Sanascope: A Digital ‘Birds Eye’ View Of Mecca…

Snapchat

Ever since I started reading on the first reports that trickled in on #Mecca_Live, I just had to write about it for two reasons. It feels wonderful as a Muslim to read people speaking about Islam in the way they did, as a religion I have grown up into, and secondly, the Arabian Marketer is digital first, and this conversation is digital first, and in many ways digital only because traditional media only followed up on the story that was already being told.

Millions of tweets, thousands of Facebook shares, thousands of YouTube views and a global conversation – it couldn’t get be more energized than this.

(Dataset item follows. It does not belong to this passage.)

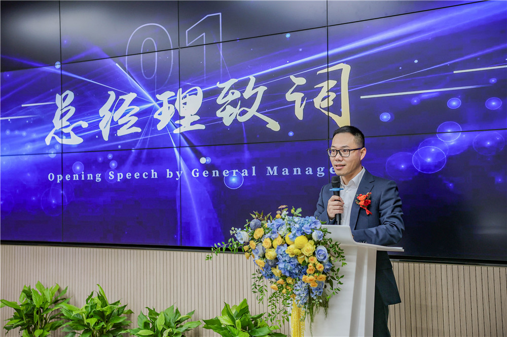 優遠公司總經理卲紀銀致辭。他寄語優琥和優貫銳意進取,逐步邁向行業前列,助力集團跨境電商戰略新突破。

The decision to live stream the Muslim holy city of Mecca in Saudi Arabia might have been taken in a boardroom of Snapchat but even in its wildest guess, Snapchat would have never anticipated this kind of a response, and the mentions it received well after the streaming was over.

After all not all social media giant ideas get one million mentions on Twitter alone. Snapchat began #Mecca_Live and the coverage went on for a day. Soon after the video went viral, the conversation found its own momentum on Twitter and YouTube videos and other social platforms.

Of the many learnings and teachings from this, my takeaway is that it took a young, fresh thinking platform even within the social media ecosystem that is supposed to be about doing new things, to think of something this out of the box. While most live events on Snapchat’s Live programming feature happen with brand associations, there was none for #Mecca_Live. But the mileage this has given to the brand is tremendous.

The volume and nature  of global conversation the initiative created and most importantly how it played on the overall social media ecosystem, showed how digital could give the world a bird’s eye view of Mecca.